* _Work to be completed_
Only one stretch of the data below is needed: the line with "Color/pattern: black Approximately" through the last line. Output it exactly and drop the pictures.

[[ Data extract open ]]

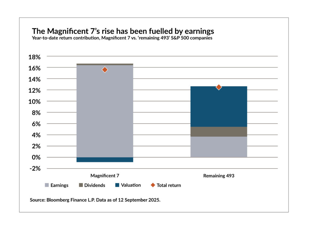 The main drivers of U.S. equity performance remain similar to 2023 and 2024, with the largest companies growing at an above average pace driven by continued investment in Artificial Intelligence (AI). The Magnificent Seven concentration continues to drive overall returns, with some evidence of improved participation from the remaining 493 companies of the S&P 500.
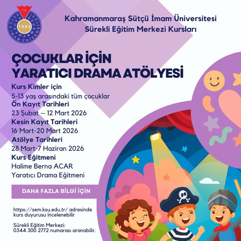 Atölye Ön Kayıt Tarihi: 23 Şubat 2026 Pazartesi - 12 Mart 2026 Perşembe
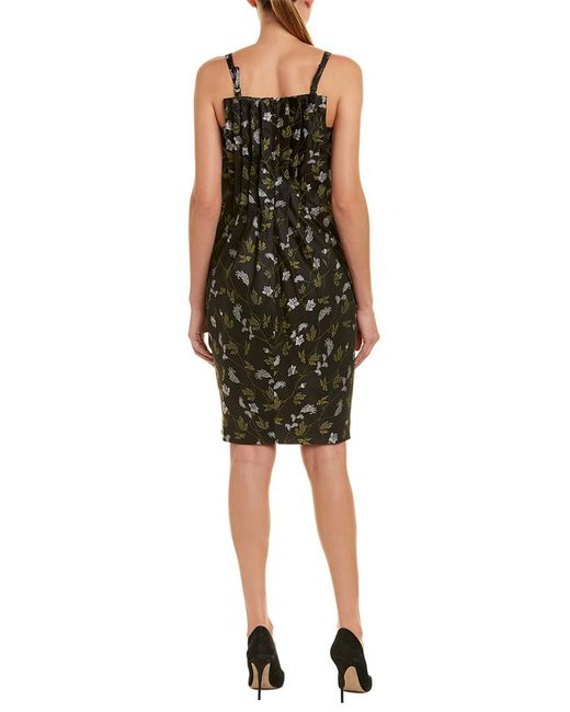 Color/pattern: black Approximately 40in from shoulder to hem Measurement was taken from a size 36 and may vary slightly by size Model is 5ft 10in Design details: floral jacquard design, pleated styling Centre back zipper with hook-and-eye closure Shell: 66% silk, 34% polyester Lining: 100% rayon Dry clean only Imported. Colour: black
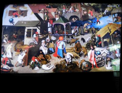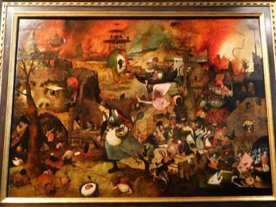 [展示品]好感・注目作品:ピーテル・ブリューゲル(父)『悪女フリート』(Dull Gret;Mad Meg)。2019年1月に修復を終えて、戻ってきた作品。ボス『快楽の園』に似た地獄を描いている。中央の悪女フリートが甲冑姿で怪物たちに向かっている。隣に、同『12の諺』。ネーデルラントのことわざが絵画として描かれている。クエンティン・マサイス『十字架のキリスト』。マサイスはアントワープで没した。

[[ Data extract closed ]]

* _Task answer_
 Color/pattern: black Approximately 40in from shoulder to hem Measurement was taken from a size 36 and may vary slightly by size Model is 5ft 10in Design details: floral jacquard design, pleated styling Centre back zipper with hook-and-eye closure Shell: 66% silk, 34% polyester Lining: 100% rayon Dry clean only Imported. Colour: black
 [展示品]好感・注目作品:ピーテル・ブリューゲル(父)『悪女フリート』(Dull Gret;Mad Meg)。2019年1月に修復を終えて、戻ってきた作品。ボス『快楽の園』に似た地獄を描いている。中央の悪女フリートが甲冑姿で怪物たちに向かっている。隣に、同『12の諺』。ネーデルラントのことわざが絵画として描かれている。クエンティン・マサイス『十字架のキリスト』。マサイスはアントワープで没した。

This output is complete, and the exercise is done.